• [TASK INPUT]
══════

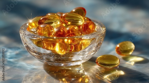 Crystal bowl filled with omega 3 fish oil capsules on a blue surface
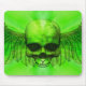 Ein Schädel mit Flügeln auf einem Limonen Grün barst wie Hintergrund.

══════

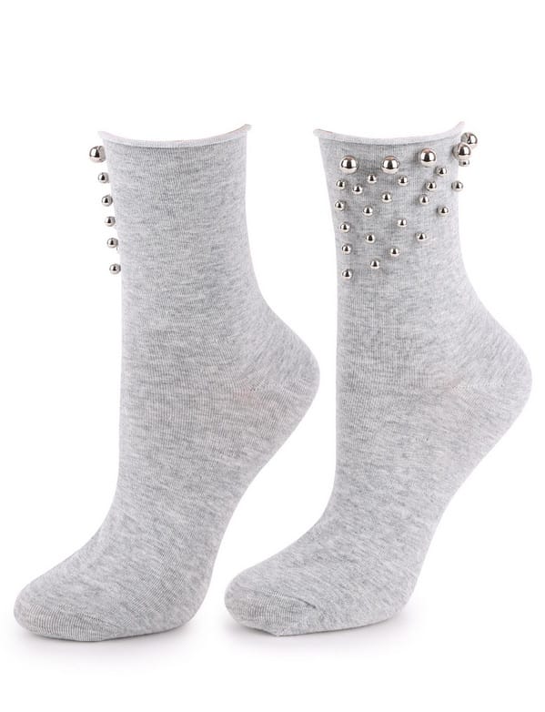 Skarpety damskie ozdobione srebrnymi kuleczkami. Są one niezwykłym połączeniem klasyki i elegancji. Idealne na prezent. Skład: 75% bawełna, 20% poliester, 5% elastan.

══════

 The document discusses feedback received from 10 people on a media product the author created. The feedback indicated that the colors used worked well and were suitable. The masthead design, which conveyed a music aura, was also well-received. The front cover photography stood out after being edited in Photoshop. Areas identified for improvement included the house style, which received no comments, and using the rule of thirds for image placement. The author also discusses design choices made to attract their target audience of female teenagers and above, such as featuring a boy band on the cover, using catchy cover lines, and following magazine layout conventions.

══════

• [EXERCISE BRIEF]
Set the pictures aside and reproduce exactly the lines above, from the line holding "Crystal bowl filled" through the line holding "Ein Schädel mit", both included, with nothing else.

• [SOLUTION TO THIS EXERCISE]
 Crystal bowl filled with omega 3 fish oil capsules on a blue surface
 Ein Schädel mit Flügeln auf einem Limonen Grün barst wie Hintergrund.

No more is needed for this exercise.